Health Check Management

Learn how to understand and use health status indicators to report on the general health of your Load Balancer resources and their components.

A health check is a test to confirm the availability of backend servers. A health check can be a request or a connection attempt. Based on a time interval you specify, the load balancer applies the health check policy to continuously monitor backend servers. If a server fails the health check, the load balancer takes the server temporarily out of rotation. If the server later passes the health check, the load balancer returns it to the rotation.

You configure your health check policy when you create a backend set. You can configure TCP-level or HTTP-level health checks for your backend servers.

  • TCP-level health checks attempt to make a TCP connection with the backend servers and validate the response based on the connection status.

  • HTTP-level health checks send requests to the backend servers at a specific URI and validate the response based on the status code or entity data (body) returned.

The service provides application-specific health check capabilities to help you increase availability and reduce your application maintenance window.

The backend set's Details page provides the same Overall Health status indicator found in the load balancer's list of backend sets. It also includes counters for the Backend Health status values reported by the backend set's backend servers.

The health status counter badges indicate the following:

  • The number of child entities reporting the indicated health status level.

  • If a counter corresponds to the overall health, the badge has a fill color.

  • If a counter has a zero value, the badge has a light gray outline and no fill color.

Health Status Indicators

Learn about the different health status indicators for Load Balancer resources.

The Load Balancing service provides health status indicators that use your health check policies to report on the general health of your load balancers and their components.

The following table provides the general meaning of each level:

Level

Color

Description

Critical

Red

Some or all reporting entities require immediate attention.

The resource is not functioning or unexpected failure is imminent.

Warning

Yellow

Some reporting entities require attention.

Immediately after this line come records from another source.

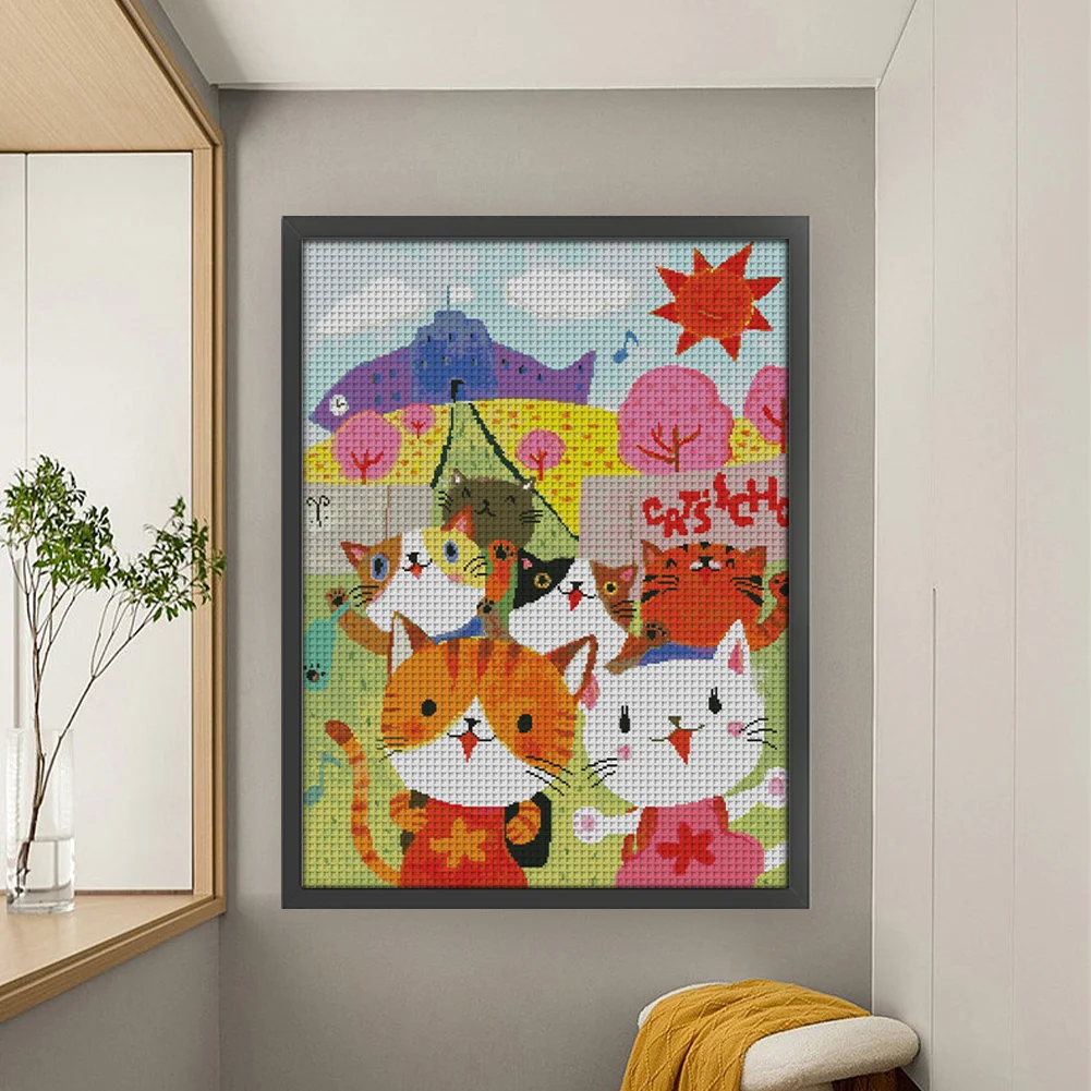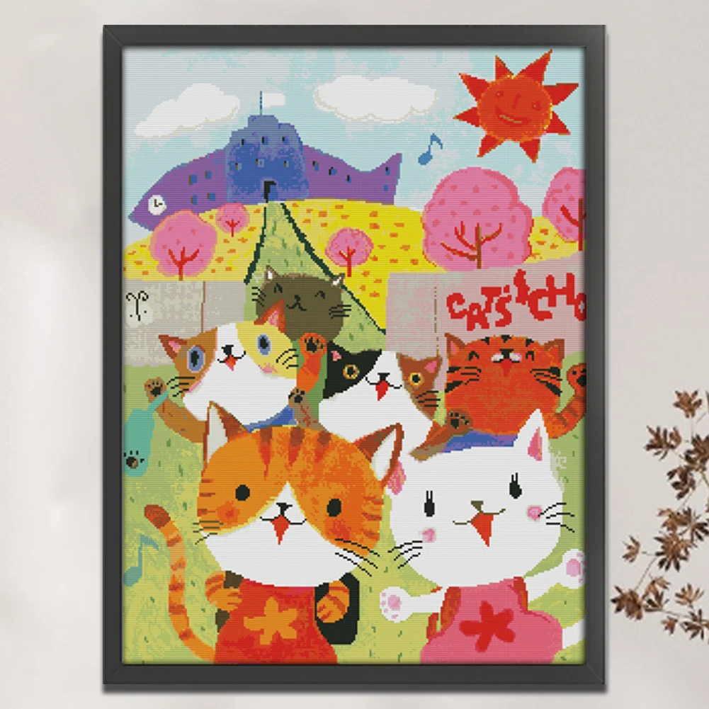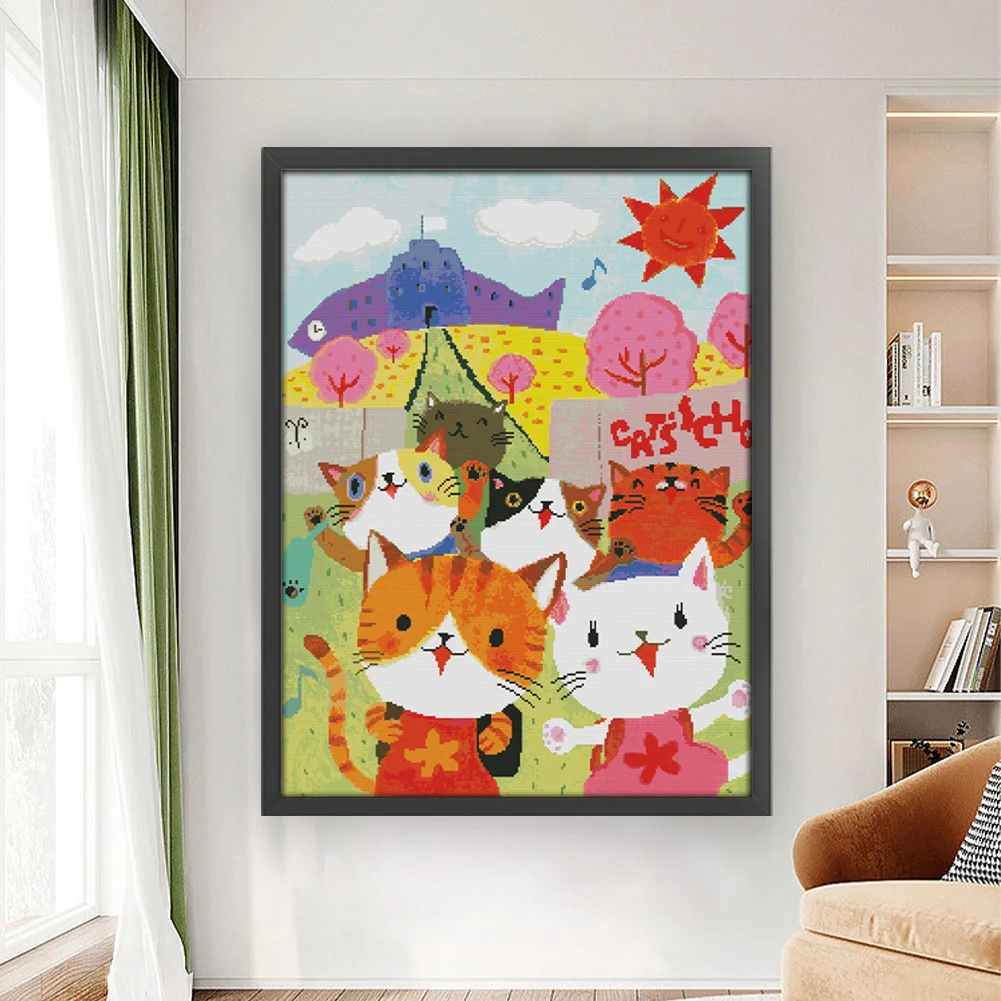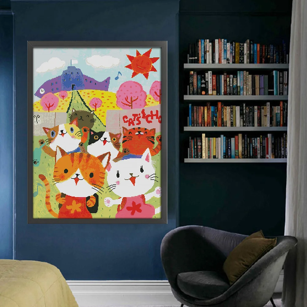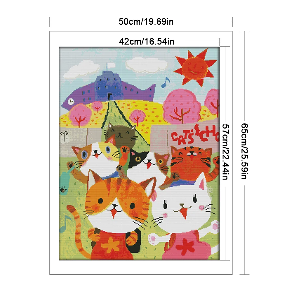 [JOY SUNDAY] -14CT Full Stamped Cross Stitch Kit - Cat After School Picture (50*65CM)
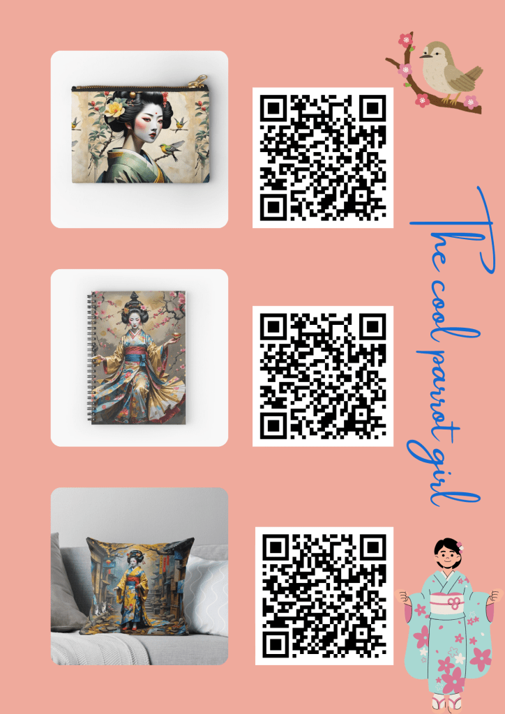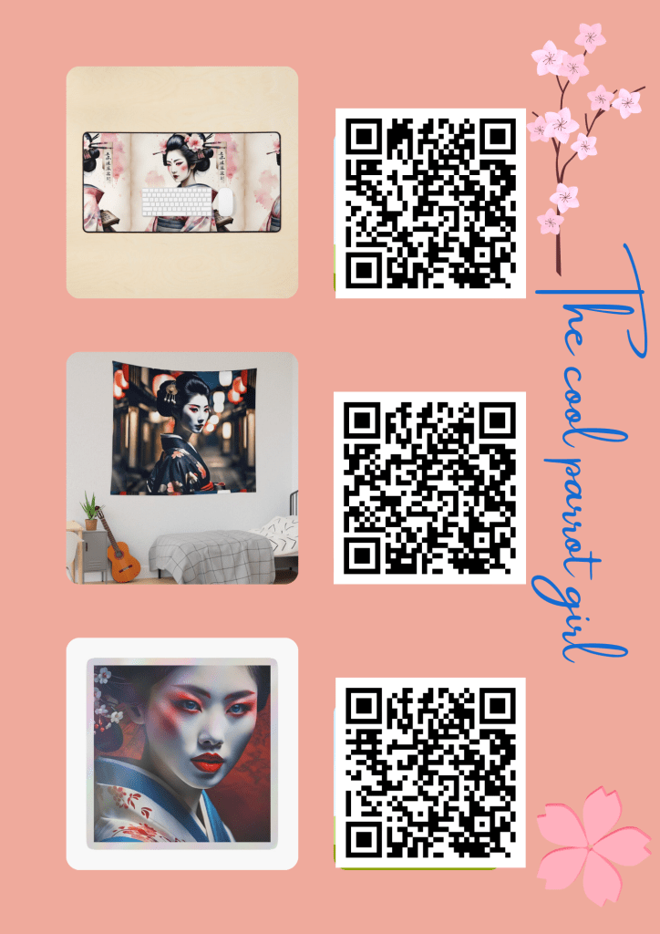 I love all my geisha designs and now I uploaded a few of them on Redbubble. You can order the designs there and on ebay, you can order some of my AI geishas even in high resolution digital downloads.
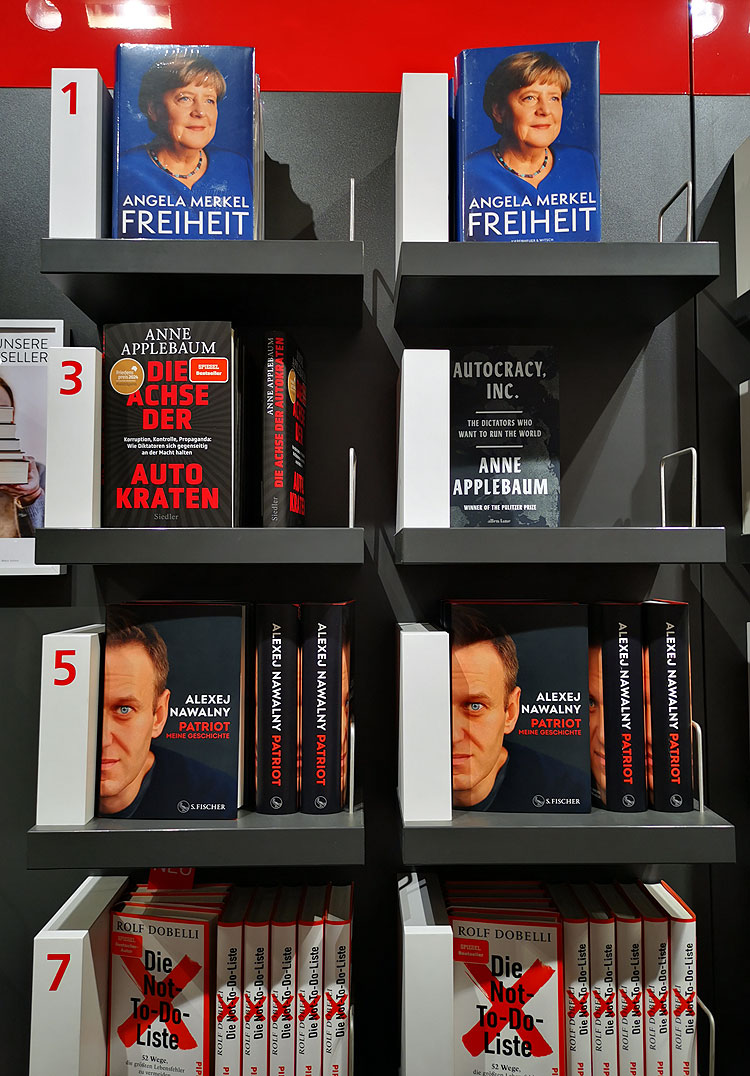 В Германии Навального можно найти до сих пор. Но уже точно не на стендах, а просто среди других книг. В Испании или в Италии Навального не заметила. - Особенность Германии: много книг с подписями на обложке не по-немецки. Часто это название на языке оригинала. (Хотя внутри вся книга на немецком).
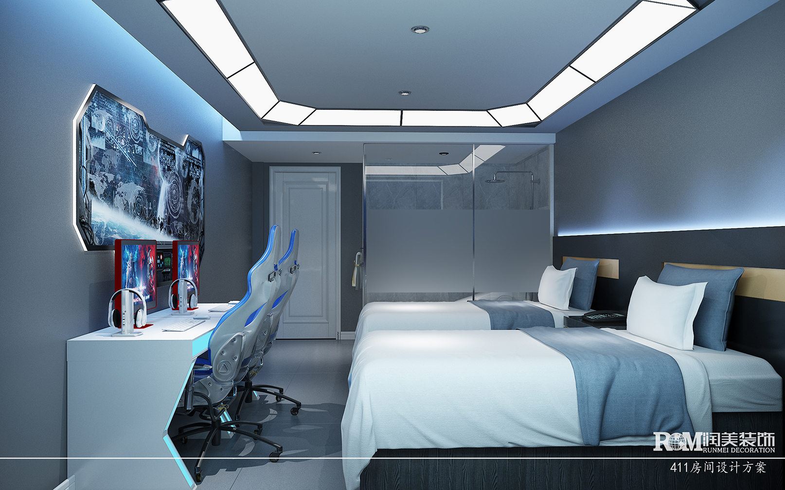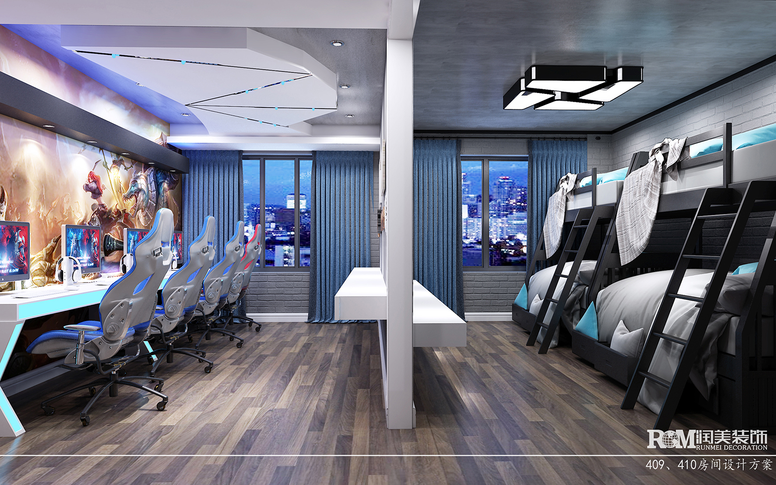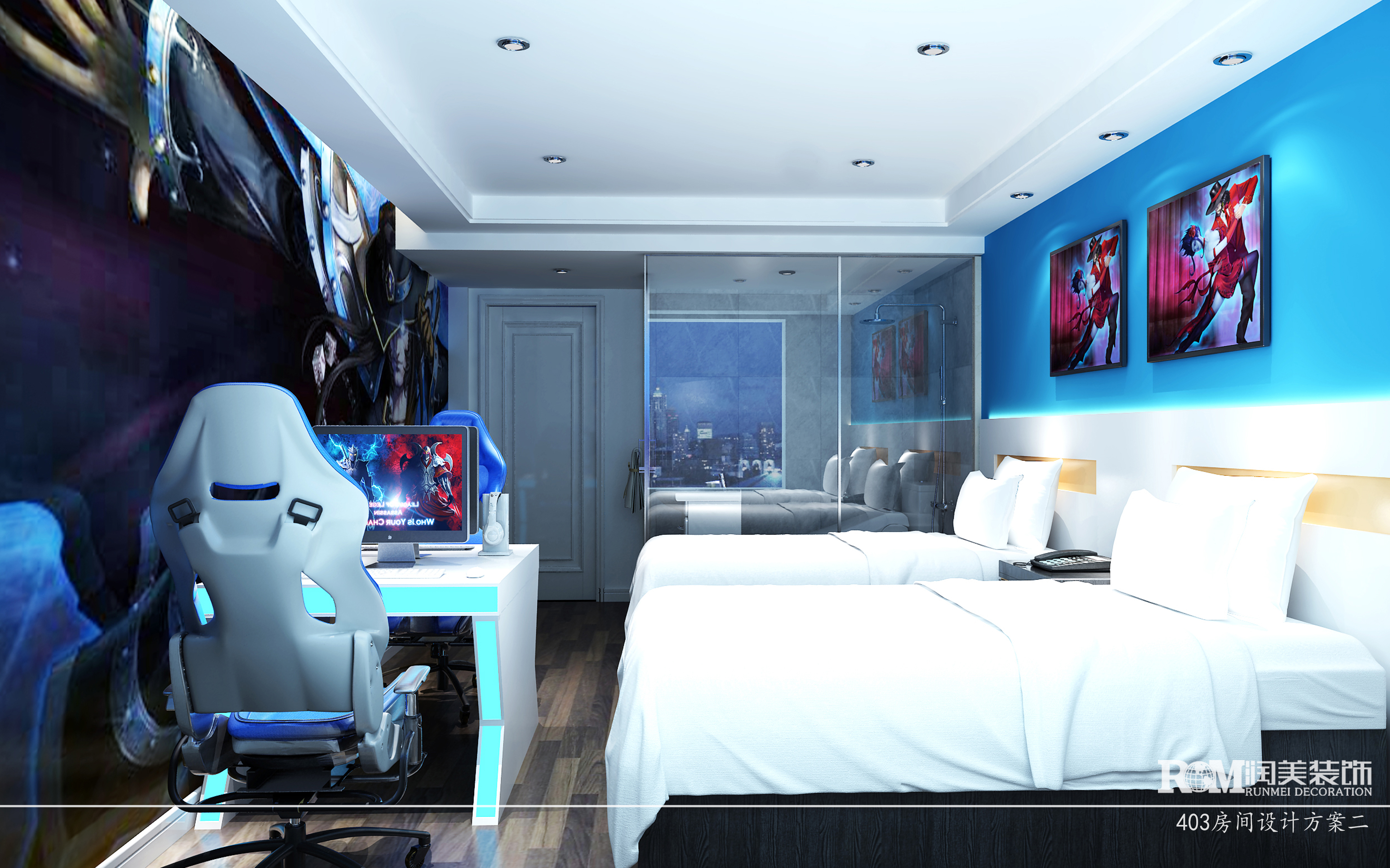 賓館客房的設(shè)計(jì)是為了滿足大眾消費(fèi)者的休憩需求,而電競賓館則更進(jìn)一步,將客房的休息功能與娛樂服務(wù)功能相結(jié)合,在客房內(nèi)設(shè)計(jì)專業(yè)電競區(qū)域,將高配置的專業(yè)電競設(shè)備裝配在客房內(nèi)部。這樣的設(shè)計(jì)方式目的就是為了更大范圍的貼合客戶的需求,娛樂與舒適一體是電競酒店裝修設(shè)計(jì)的重點(diǎn)。
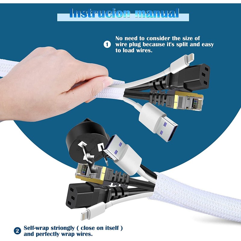 - Self-closing design: cable hose can be flexibly adjusted, diameter range 13-22 mm, can hold 3 power cables (6.5 mm) + 7-8 data cables (3-3.5 mm). The braided hose spiral hose of the side opening closes independently and can be inserted without removing the cable.
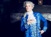 aktor przebrany za arystokratę z XVIII wieku w peruce
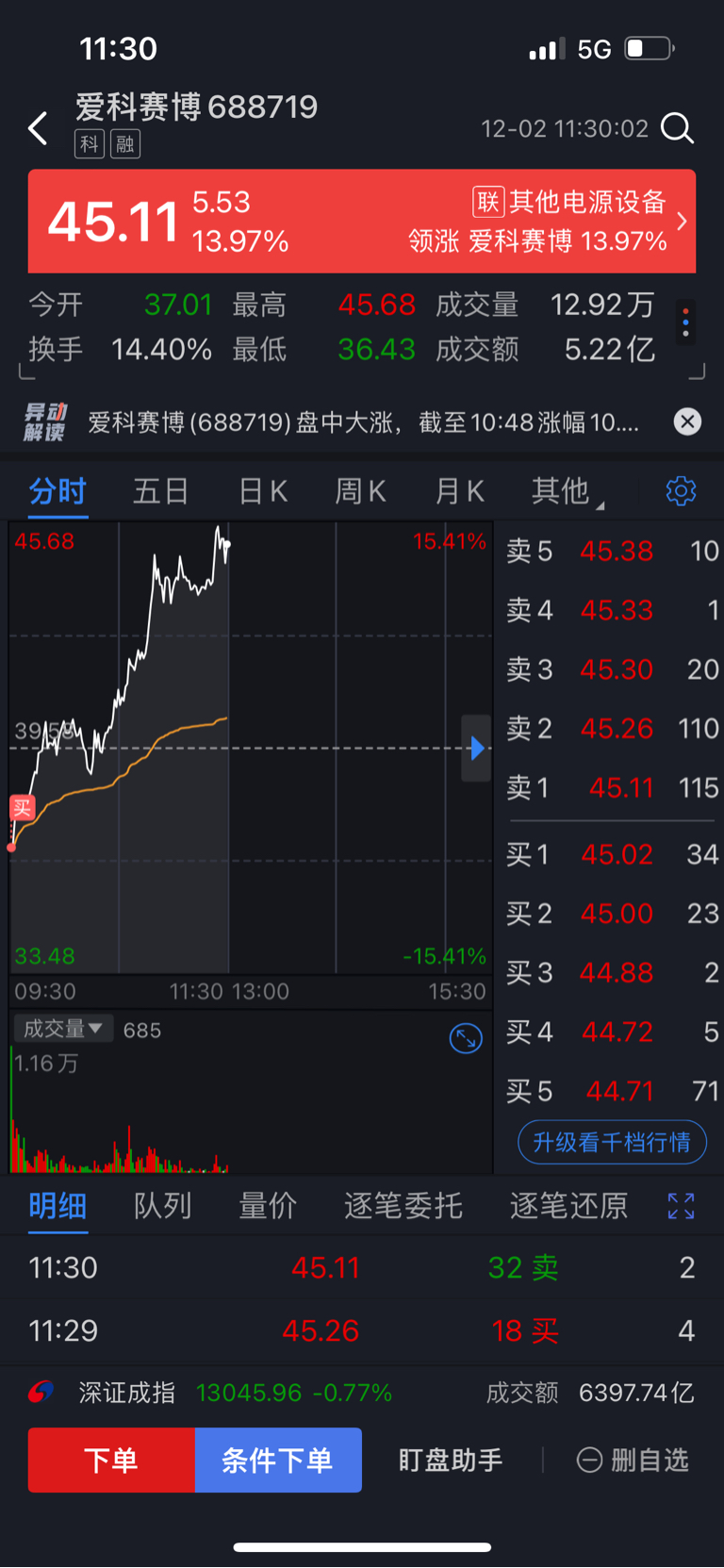 上午大跌,补回科德、艾布鲁,加仓荣信文化(居然加到小荣的最低价3140 ,但科补早了五毛,艾补的马马虎虎)。小仓位打野两支。一支小赚,一支有惊喜。可惜只买了几千股爱科赛博,负七买入,目前拉到正十四,太狂了。

The resource is not functioning at peak efficiency or the resource is incomplete and requires further work.

Incomplete

Yellow

The load balancer does not have any backend sets configured or backend sets exist that contain no attached backend servers.

Pending

Yellow

The health status cannot be determined.

The resource is not responding or is in transition and might resolve to another status over time.

OK

Green

No attention required.

The resource is functioning as expected.

The precise meaning of each level differs among the following components:

Understanding Health Issues

Learn more about how health issues affect a Load Balancer resource.

At the highest level, load balancer health reflects the health of its components. The health status indicators provide information you might need to drill down and investigate an existing issue. Some common issues that the health status indicators can help you detect and correct include:

A health check is misconfigured.

In this case, all the backend servers for one or more of the affected listeners report as unhealthy. If your investigation finds that the backend servers do not have problems, then a backend set probably includes a misconfigured health check.

A listener is misconfigured.

All the backend server health status indicators report OK, but the load balancer does not pass traffic on a listener.

The listener might be configured to:

  • Listen on the wrong port.

  • Use the wrong protocol.

  • Use the wrong policy.

If your investigation shows that the listener is not at fault, check the security list configuration.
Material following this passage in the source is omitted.